— Task to carry out —
Only the lines from the beginning of the listing below through the line with "Illuminated LED Bathroom" belong in the answer; please print them exactly and drop the pictures.

BEGIN Extracted records

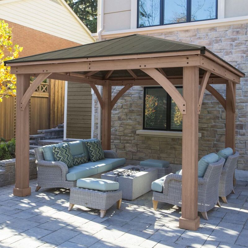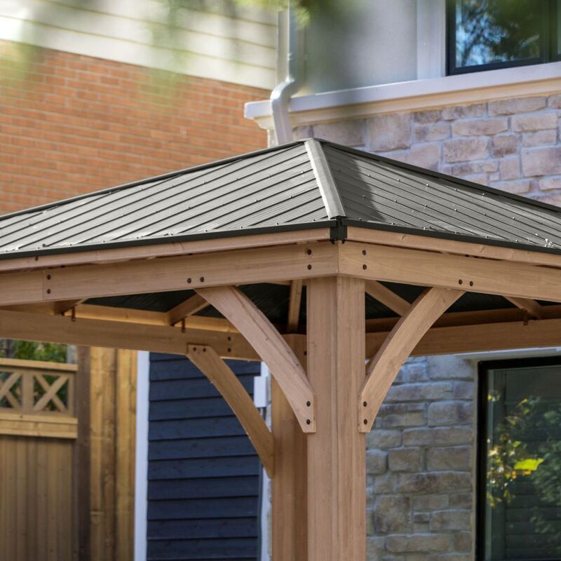 Yardistry Wood Gazebo With Aluminum Roof - 12X12 Ft
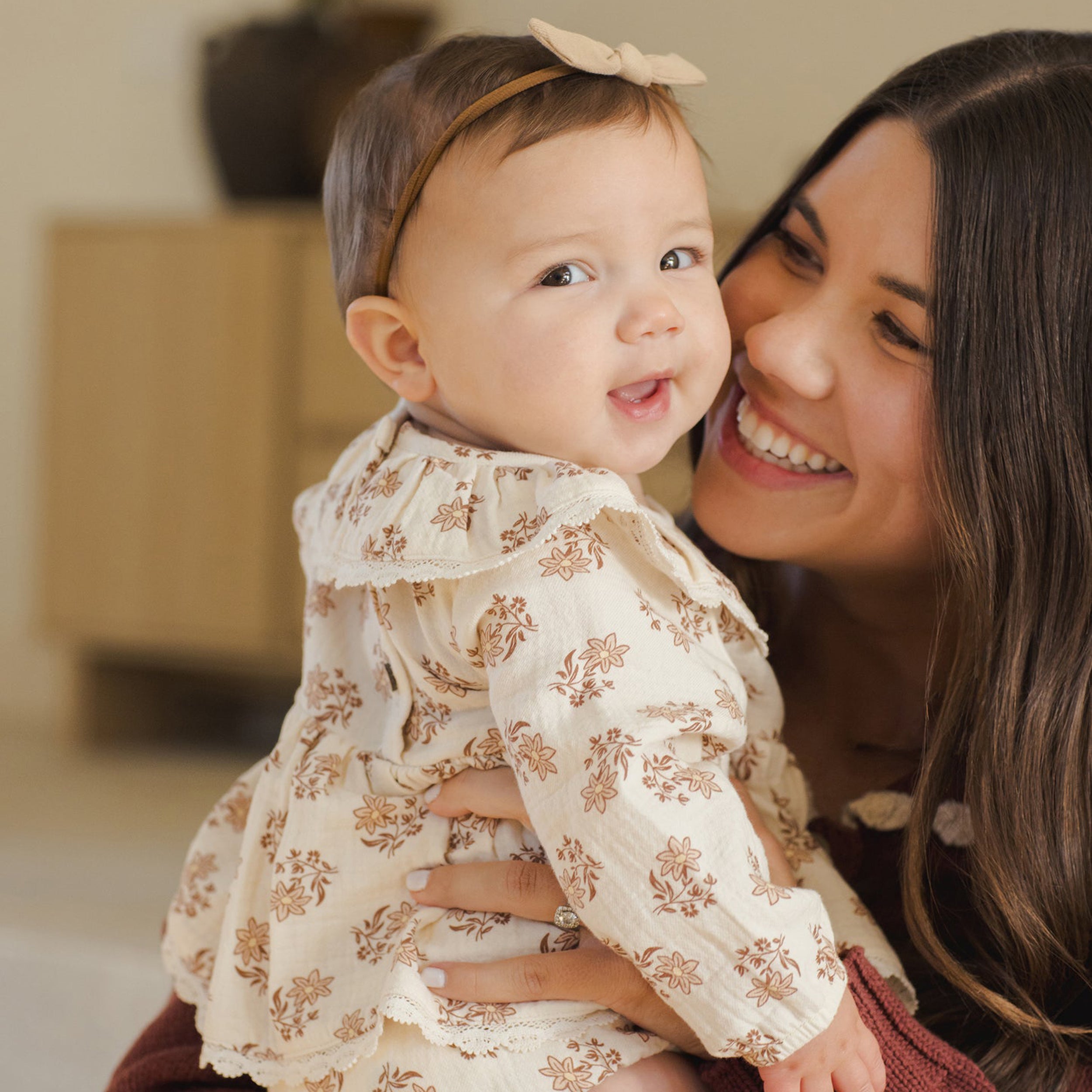 Our Thalia Romper features a sweet collar, delicate lace trim, a gathered waist, coconut buttons down the back, and bottom snaps for easy changes.
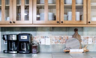o Primary Bedroom Office (attached to bedroom): Right off the master bedroom is a large office with a view of the creek and backyard deck. Equipped with a wet bar with a coffee pot and an espresso machine + steamer, a sofa bed that can sleep 2, and a desk and chair for working.
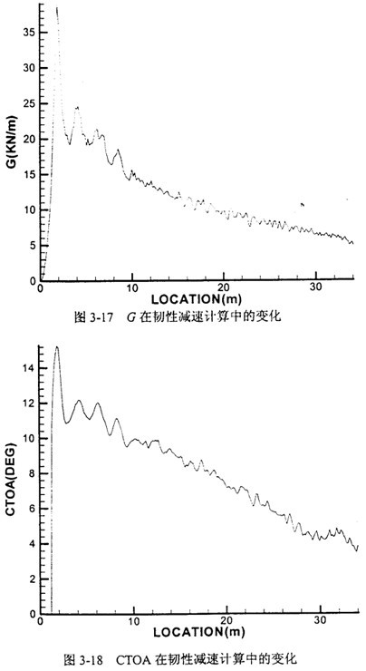 圖3-17和圖3-18是針對西氣東輸某特定設計參數的管線,應用韌性減速機理計算時能量釋放率G和裂紋尖端張開角CTOA的變化。
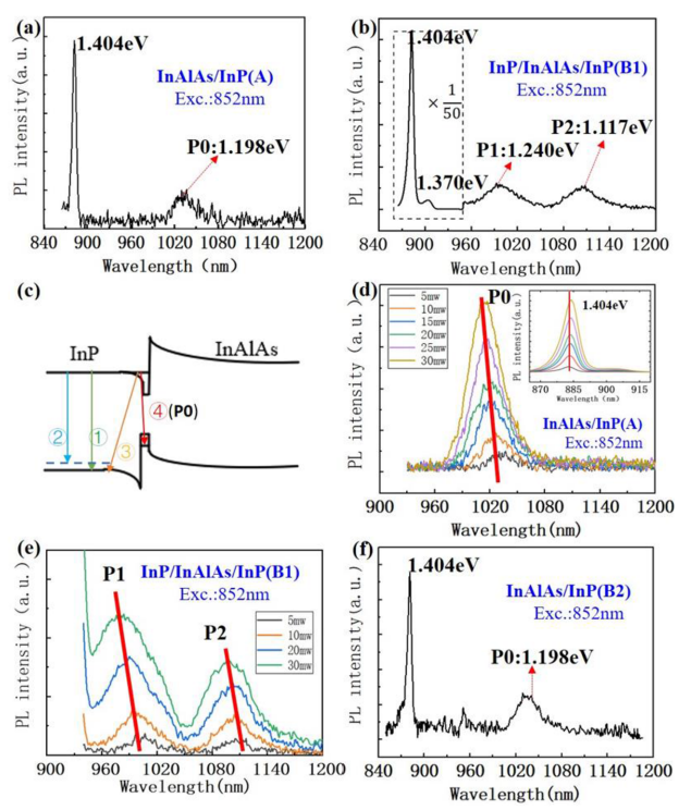 图1.(a) 单异质结构InAlAs/InP(样品A)和 (b) 双异质结构InP/InAlAs/InP(样品B1)在77 K下被852 nm激光器(5 mW)激发的光致发光(PL)光谱。(c) 直接界面的混合型I-II(InAlAs-InAs-InP)异质结构的能带结构。(d) 和 (e) 分别为样品A中P0以及样品B1中P1和P2的功率依赖性PL光谱(5–30 mW)。图(d)中的插图显示了1.404 eV峰值的功率依赖性PL光谱(5–30 mW)。(f) 没有InP的双异质结构InP/InAlAs/InP(样品B2)在77 K下被852 nm激光器(5 mW)激发的PL光谱。
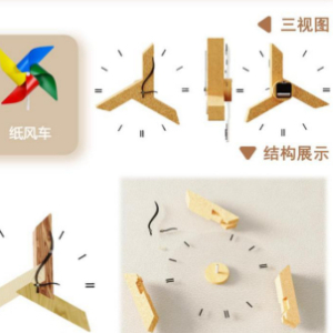 設計靈感來源于敦煌的“三兔共耳”藻井圖案,幾個構圖盡顯數學之美;主體采用榫卯結構相互連接,便于拆裝。造型上富有動感,使人聯想到三只兔子奔跑不止,風車隨風呼呼旋轉,時間流轉不停,世間萬物生生不息。
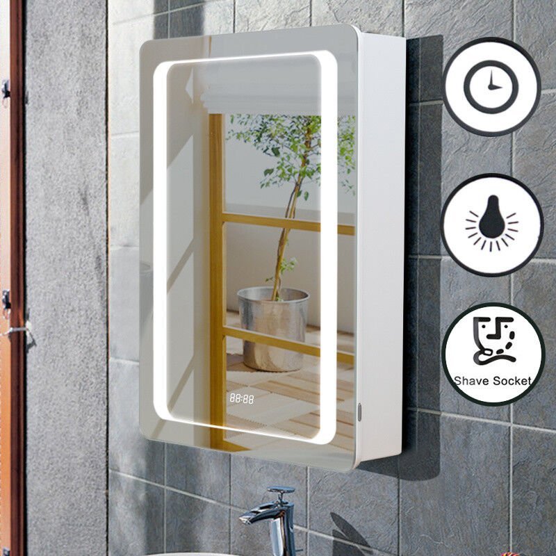 Illuminated LED Bathroom Mirror Cabinet Vanity Light Sensor Demister Pad Clock
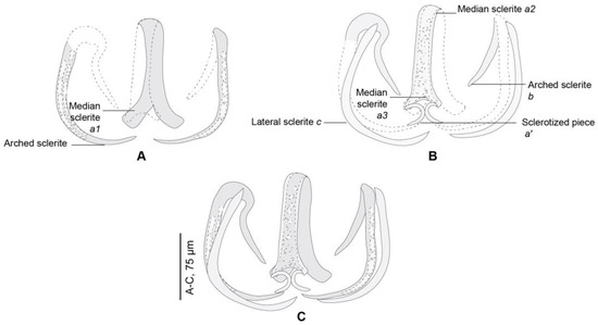 Anterior discocotylid-type clamps consisting of two jaws: anterior (Figure 2A) and posterior jaw (Figure 2B). Anterior jaw with an inverted U-shaped sclerotized median sclerite a1; a1 giving rise to an expansion in each jaw. In anterior jaw, a1 ending distally in T shape with relatively short branches. Proximally, a1 folding and giving rise to a2; a2 passing into posterior jaw. Margins of anterior jaw supported by two arched sclerites b. Distally, b ending parallel to a’. Proximally, each arched sclerites b folding back to widen the posterior jaw. Posterior jaw marked at its center by a median sclerite a2, which continues to a3. Distal end of a3 forming an inverted V with long branches. This end is hollowed out by a V-shaped notch with pointed edges. Below a3, two small crescent-shaped sclerotized a’ pieces are articulated (Figure 2C). Margins of posterior jaw supported by two arched lateral sclerites c. On proximal side, a muscle connecting a2 to b.
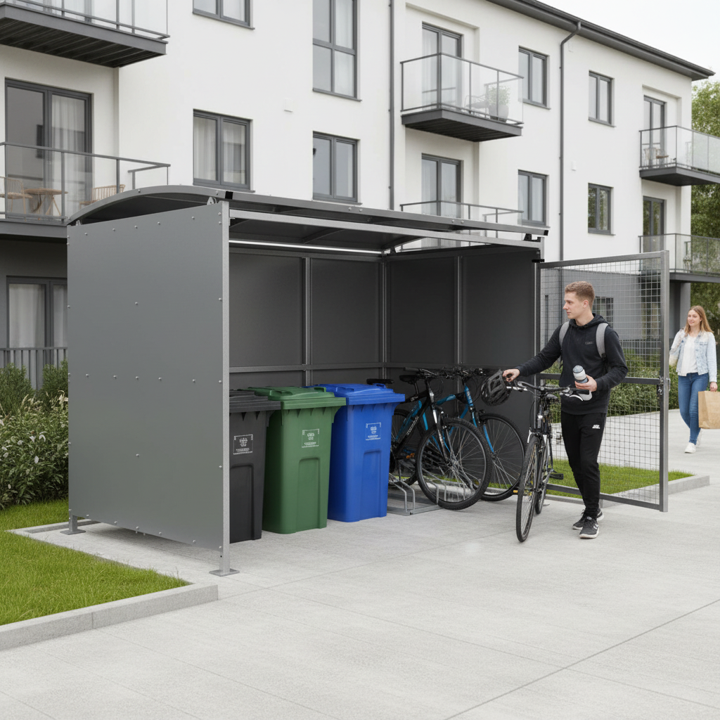 The Heavy Duty Bin/Cycle Shelter offers robust protection and versatility for both bin and bike storage. This free-standing shelter is built from durable galvanised mild steel, ensuring long-lasting performance in demanding environments.

END Extracted records

— Written reply —
 Yardistry Wood Gazebo With Aluminum Roof - 12X12 Ft
 Our Thalia Romper features a sweet collar, delicate lace trim, a gathered waist, coconut buttons down the back, and bottom snaps for easy changes.
o Primary Bedroom Office (attached to bedroom): Right off the master bedroom is a large office with a view of the creek and backyard deck. Equipped with a wet bar with a coffee pot and an espresso machine + steamer, a sofa bed that can sleep 2, and a desk and chair for working.
 圖3-17和圖3-18是針對西氣東輸某特定設計參數的管線,應用韌性減速機理計算時能量釋放率G和裂紋尖端張開角CTOA的變化。
 图1.(a) 单异质结构InAlAs/InP(样品A)和 (b) 双异质结构InP/InAlAs/InP(样品B1)在77 K下被852 nm激光器(5 mW)激发的光致发光(PL)光谱。(c) 直接界面的混合型I-II(InAlAs-InAs-InP)异质结构的能带结构。(d) 和 (e) 分别为样品A中P0以及样品B1中P1和P2的功率依赖性PL光谱(5–30 mW)。图(d)中的插图显示了1.404 eV峰值的功率依赖性PL光谱(5–30 mW)。(f) 没有InP的双异质结构InP/InAlAs/InP(样品B2)在77 K下被852 nm激光器(5 mW)激发的PL光谱。
 設計靈感來源于敦煌的“三兔共耳”藻井圖案,幾個構圖盡顯數學之美;主體采用榫卯結構相互連接,便于拆裝。造型上富有動感,使人聯想到三只兔子奔跑不止,風車隨風呼呼旋轉,時間流轉不停,世間萬物生生不息。
 Illuminated LED Bathroom Mirror Cabinet Vanity Light Sensor Demister Pad Clock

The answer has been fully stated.